(Data items)
((
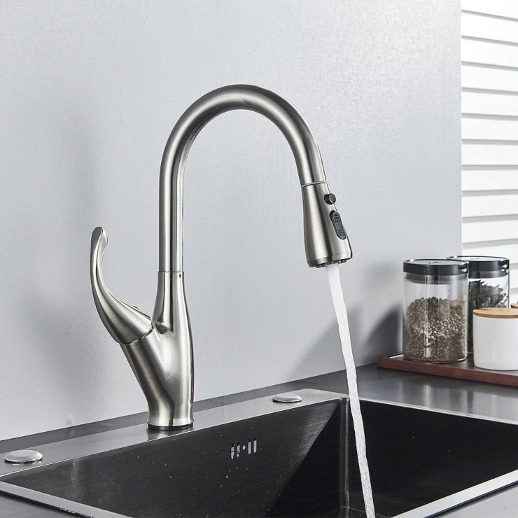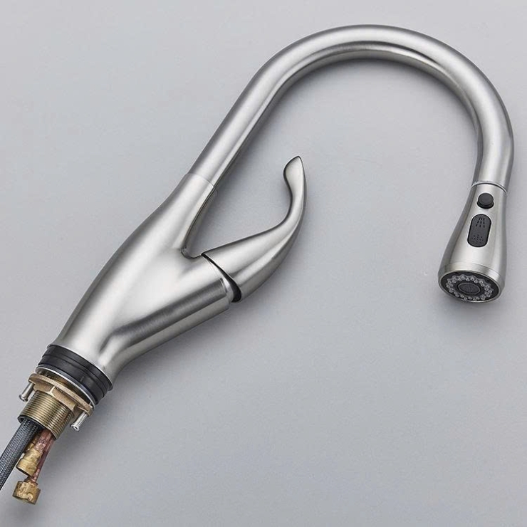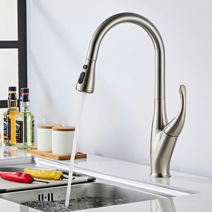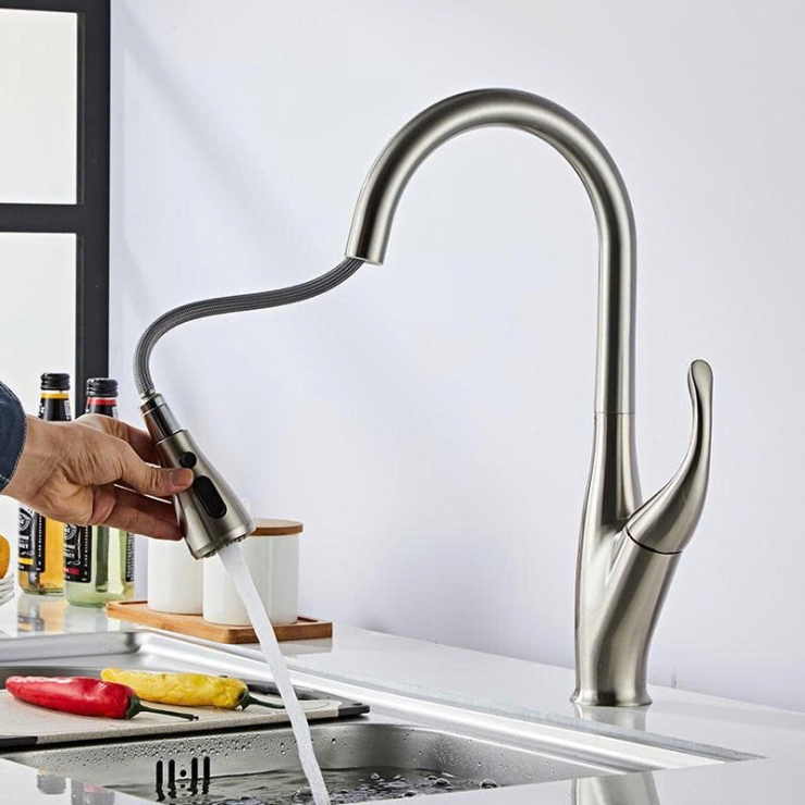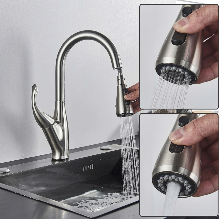 * Đầu vòi có thể kéo ra ngoài, có 2 chế độ chảy, tăng áp và thông thường
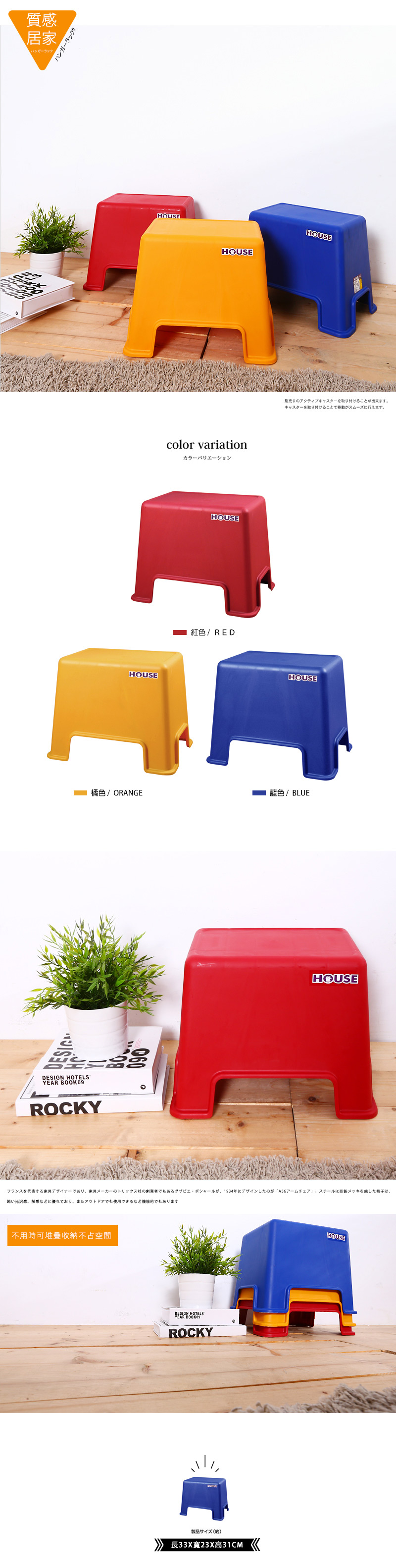 點我下載【HOUSE】金磚止滑椅/休閒椅/椅凳/夜市椅(4入)藍色
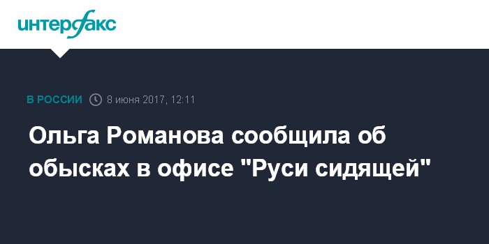 Москва. 8 июня. INTERFAX.RU - В правозащитной организации "Русь сидящая" проходит обыск, сообщила директор организации Ольга Романова в своем фейсбуке.
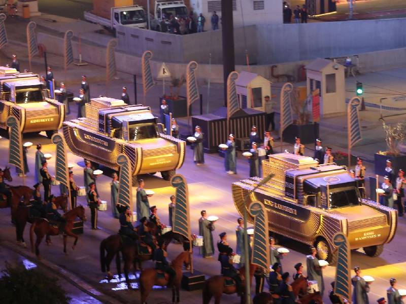 Con un estricto operativo de seguridad, se construyó un desfile con fuertes dosis de espectáculo multimedia: las momias fueron transportadas en vehículos arreglados para semejar los carros funerarios en los que originalmente fueron conducidos a sus sepulcros, muchos de ellos ubicados en el legendario Valle de los Reyes, donde a lo largo del siglo XX se hicieron numerosos rescates arqueológicos.
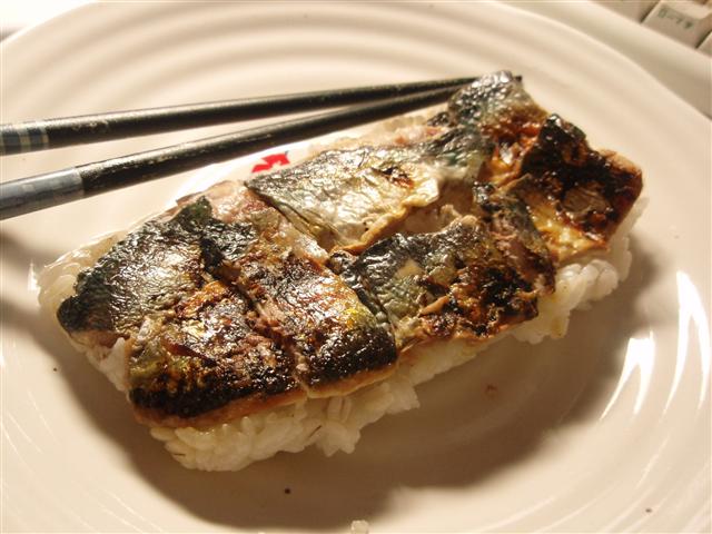 【焼き秋刀魚の押し寿司】昔、焼き鯖の押し寿司というのがコンビニで出たことがある(いまもあるのかな?)
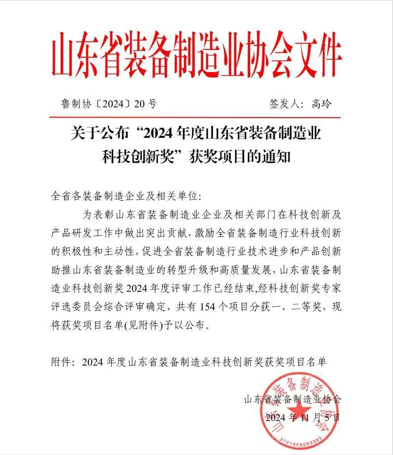“2024 年度山東省裝備制造業(yè)科技創(chuàng)新獎”二等獎。
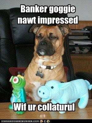 Banker goggie nawt impressed wif ur collaturul
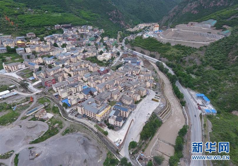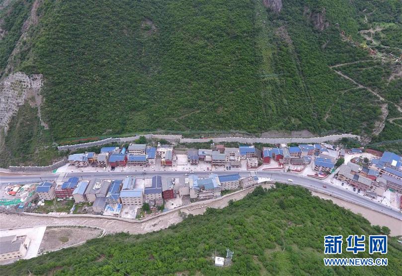 九寨溝地震震中九寨溝縣漳紮鎮新貌及攔石牆(無人機照片,6月18日攝)。 新華社記者 劉坤 攝
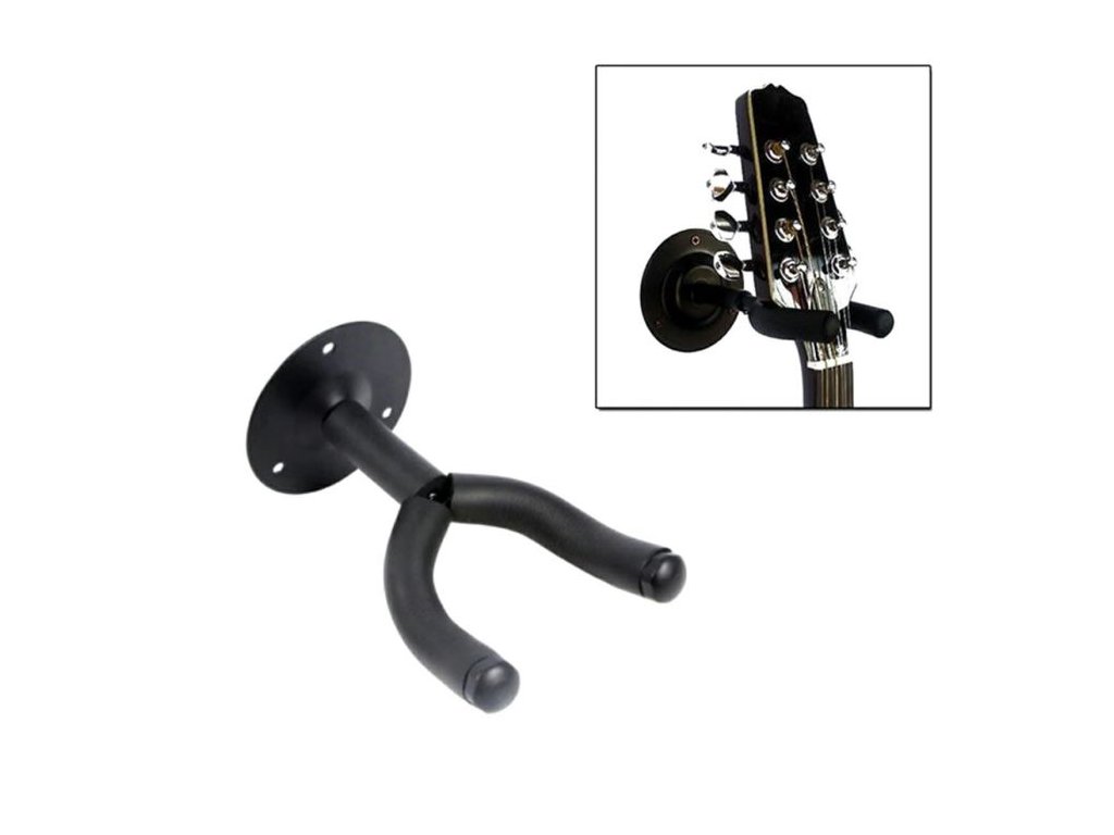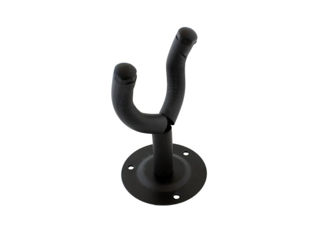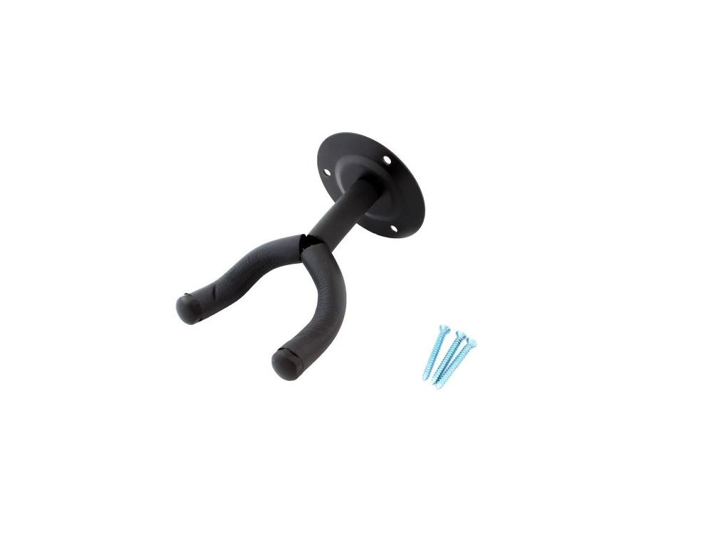 Kytarový věšák černý Univerzální kovový věšák vhodný pro všechny typy kytar. Vidlice je opatřena pogumovanou vrstvou, tak aby nedošlo k poškození laku kytar. Šrouby k připevnění věšáku jsou součástí balení.Parametry
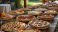 • A long table set with a variety of freshly baked pies all made from ingredients grown on local farms.
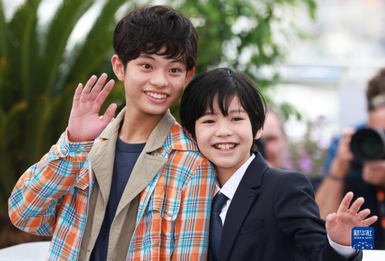 5月18日,在法國戛納舉行的第76屆戛納國際電影節上,日本小演員柊木陽太(右)和黑川想矢亮相影片《怪物》的拍照式。新華社記者 高靜 攝
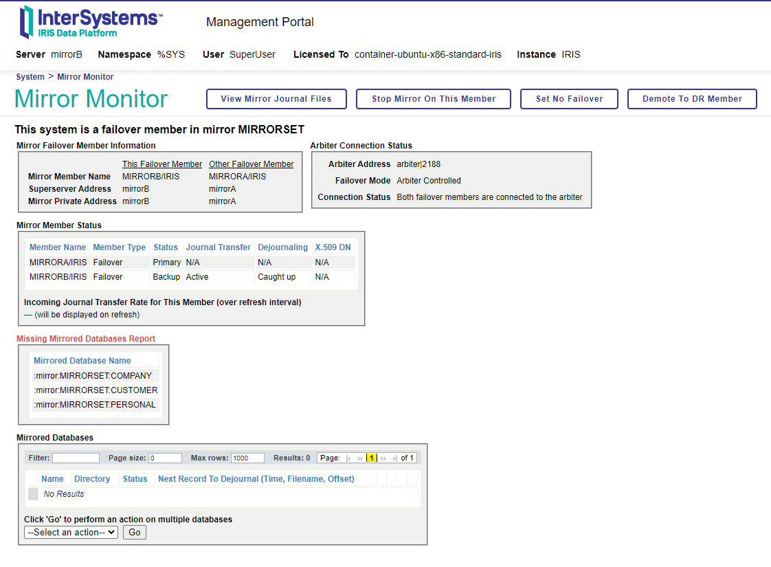 Los datos de la compañía se registrarán en la base de datos COMPANY y los del contacto en PERSONAL, ambas bases de datos están mapeadas para que puedan ser accesibles desde el Namespace PHONEBOOK. Si comprobamos las tablas en ambos nodos veremos que en mirrorA tenemos los datos tanto de la compañía como del contacto pero que el mirrorB aún no hay nada, como es lógico.
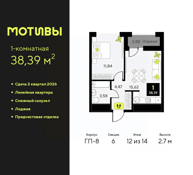 Продаётся квартира площадью 33.2 м2 в жилом комплексе "Дабл-Дабл". Квартира находится на 8 этаже, жилая площадь квартиры 14.1 м2, площадь кухни-ниши — 5.2 м2. Срок сдачи — II кв. 2028 Жилой комплекс "Дабл-Дабл" — это: - проект комфорт-класса на Московском тракте - дома высотой 15 этажей - квартиры от 1-комнатных до 2-уровневых Окружение На границе жилого комплекса — живописный лес. Достаточно открыть окна, чтобы впустить в комнаты ароматы зелени, прохладу и чистый воздух. Благоустройство Юные жители оценят игровые площадки и воркаут-зоны. Любителям неспешных прогулок понравится 2-уровневый променад с панорамным видом и навесами. Лобби Помещения встречают дизайнерскими интерьерами с уютными лаунж-зонами, где удобно подождать курьера или просто сделать паузу перед возвращением домой. Колясочные Возвращайтесь налегке после прогулки с малышом — оставить коляску можно в специальном помещении на первом этаже. Кладовые Благодаря индивидуальным помещениям на техническом этаже сезонные и габаритные вещи будут на своём месте. 2-уровневые квартиры Просторная гостиная и кухня располагаются на первом этаже, спальня и кабинет — на втором. Почувствуйте, как жизнь выходит на новый уровень комфорта и приватности. Панорамное остекление Окна в пол наполняют комнаты светом и стирают границы между домом и природой. Встречайте рассветы или наслаждайтесь огнями вечернего города. Отделка Ровные стены, подготовленные полы и проведённые коммуникации — мы взяли на себя самые грязные и трудоёмкие этапы ремонта. Квартира станет чистым холстом, где легко создать интерьер в любом стиле.
))
WORK REQUIRED:
Only one stretch of the data is wanted: write out exactly the lines from the one holding "Con un estricto" through the one holding "on local farms.", both included, without the pictures.

RESULT OF THE TASK:
 Con un estricto operativo de seguridad, se construyó un desfile con fuertes dosis de espectáculo multimedia: las momias fueron transportadas en vehículos arreglados para semejar los carros funerarios en los que originalmente fueron conducidos a sus sepulcros, muchos de ellos ubicados en el legendario Valle de los Reyes, donde a lo largo del siglo XX se hicieron numerosos rescates arqueológicos.
 【焼き秋刀魚の押し寿司】昔、焼き鯖の押し寿司というのがコンビニで出たことがある(いまもあるのかな?)
“2024 年度山東省裝備制造業(yè)科技創(chuàng)新獎”二等獎。
 Banker goggie nawt impressed wif ur collaturul
 九寨溝地震震中九寨溝縣漳紮鎮新貌及攔石牆(無人機照片,6月18日攝)。 新華社記者 劉坤 攝
 Kytarový věšák černý Univerzální kovový věšák vhodný pro všechny typy kytar. Vidlice je opatřena pogumovanou vrstvou, tak aby nedošlo k poškození laku kytar. Šrouby k připevnění věšáku jsou součástí balení.Parametry
 • A long table set with a variety of freshly baked pies all made from ingredients grown on local farms.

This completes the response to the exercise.